- What this task involves -
The output should be the listing below, limited to the lines from the one with "Русские пекари, пекарня" through the one with "Zestaw butelka bidon", exact and without pictures.

- Exercise data -
┌──

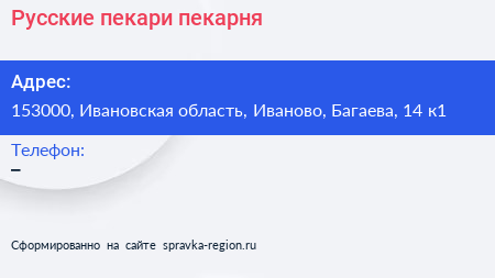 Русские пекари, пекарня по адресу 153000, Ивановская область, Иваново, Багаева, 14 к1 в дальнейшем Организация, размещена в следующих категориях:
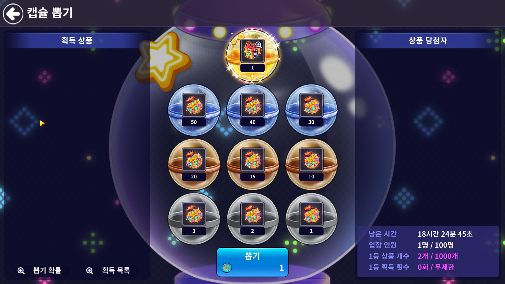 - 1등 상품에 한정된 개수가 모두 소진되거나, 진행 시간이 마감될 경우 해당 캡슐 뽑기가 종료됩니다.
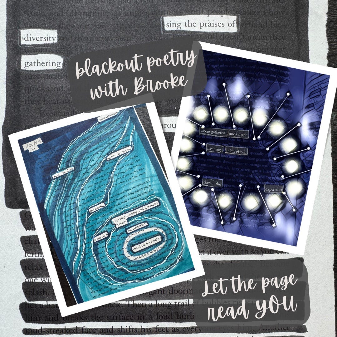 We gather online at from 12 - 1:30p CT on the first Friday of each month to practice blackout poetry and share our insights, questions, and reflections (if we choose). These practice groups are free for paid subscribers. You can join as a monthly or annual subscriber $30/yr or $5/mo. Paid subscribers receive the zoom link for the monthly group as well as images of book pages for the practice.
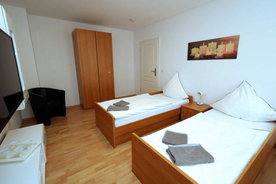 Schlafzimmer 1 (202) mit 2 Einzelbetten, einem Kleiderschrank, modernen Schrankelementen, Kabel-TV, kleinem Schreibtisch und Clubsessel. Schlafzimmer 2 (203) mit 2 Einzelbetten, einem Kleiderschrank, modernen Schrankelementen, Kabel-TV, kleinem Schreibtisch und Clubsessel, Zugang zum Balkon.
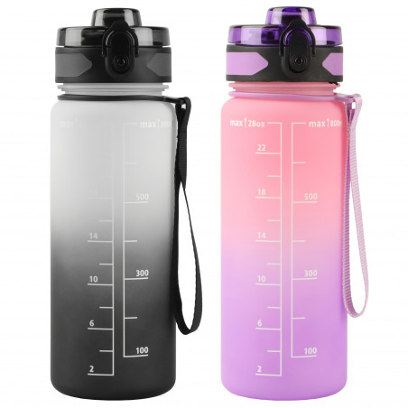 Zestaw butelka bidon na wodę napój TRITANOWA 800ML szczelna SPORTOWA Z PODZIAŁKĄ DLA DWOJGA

└──
┌──

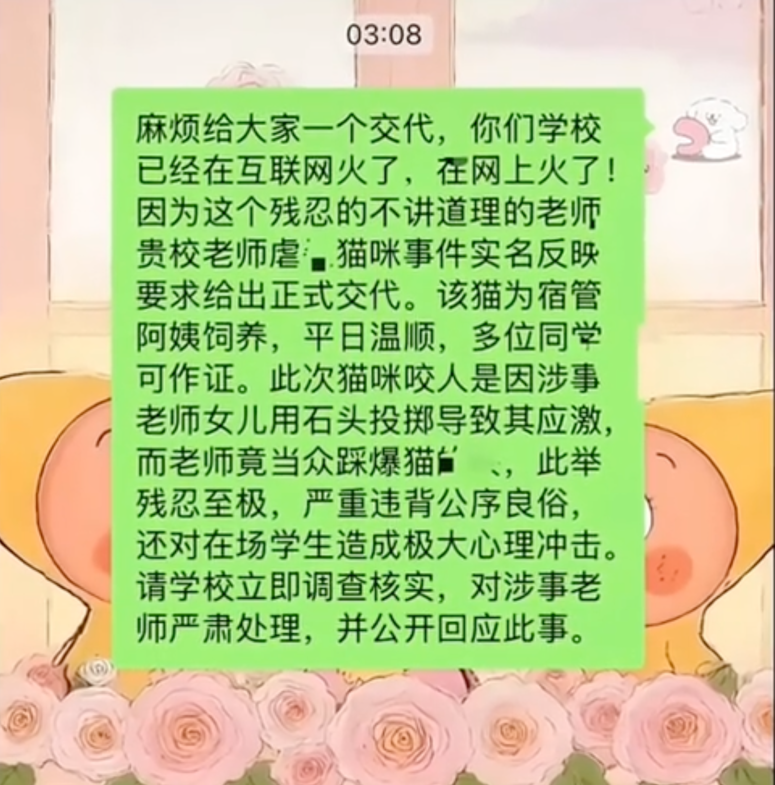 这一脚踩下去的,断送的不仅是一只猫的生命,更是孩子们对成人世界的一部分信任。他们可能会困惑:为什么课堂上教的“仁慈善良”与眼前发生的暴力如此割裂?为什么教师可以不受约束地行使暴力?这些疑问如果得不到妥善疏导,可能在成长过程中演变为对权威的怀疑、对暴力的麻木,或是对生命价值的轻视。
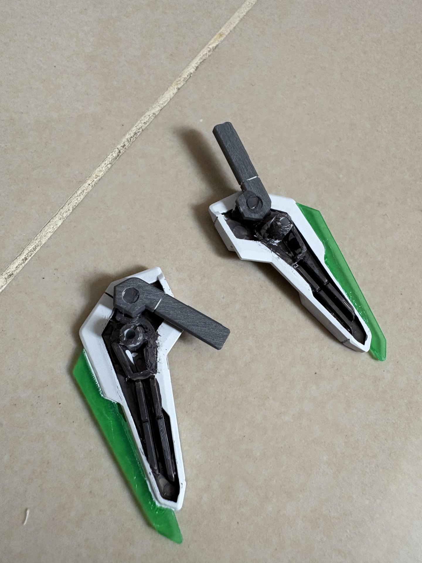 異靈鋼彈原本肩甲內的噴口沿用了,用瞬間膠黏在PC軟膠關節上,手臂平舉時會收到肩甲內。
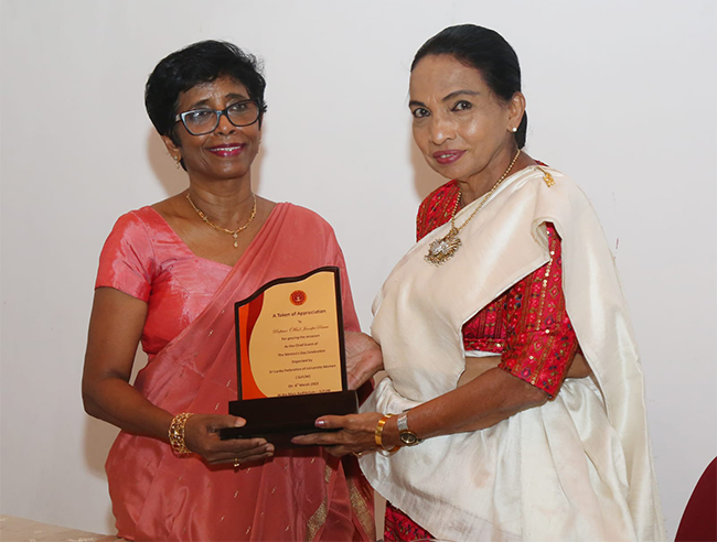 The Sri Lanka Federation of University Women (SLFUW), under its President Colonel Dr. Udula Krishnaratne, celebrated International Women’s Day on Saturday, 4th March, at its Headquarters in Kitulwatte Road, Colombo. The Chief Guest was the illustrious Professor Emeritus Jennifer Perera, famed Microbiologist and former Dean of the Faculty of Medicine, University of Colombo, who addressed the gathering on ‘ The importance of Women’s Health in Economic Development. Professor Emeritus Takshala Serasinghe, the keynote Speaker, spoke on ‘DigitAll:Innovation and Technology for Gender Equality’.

└──

- Problem solution -
 Русские пекари, пекарня по адресу 153000, Ивановская область, Иваново, Багаева, 14 к1 в дальнейшем Организация, размещена в следующих категориях:
 - 1등 상품에 한정된 개수가 모두 소진되거나, 진행 시간이 마감될 경우 해당 캡슐 뽑기가 종료됩니다.
 We gather online at from 12 - 1:30p CT on the first Friday of each month to practice blackout poetry and share our insights, questions, and reflections (if we choose). These practice groups are free for paid subscribers. You can join as a monthly or annual subscriber $30/yr or $5/mo. Paid subscribers receive the zoom link for the monthly group as well as images of book pages for the practice.
 Schlafzimmer 1 (202) mit 2 Einzelbetten, einem Kleiderschrank, modernen Schrankelementen, Kabel-TV, kleinem Schreibtisch und Clubsessel. Schlafzimmer 2 (203) mit 2 Einzelbetten, einem Kleiderschrank, modernen Schrankelementen, Kabel-TV, kleinem Schreibtisch und Clubsessel, Zugang zum Balkon.
 Zestaw butelka bidon na wodę napój TRITANOWA 800ML szczelna SPORTOWA Z PODZIAŁKĄ DLA DWOJGA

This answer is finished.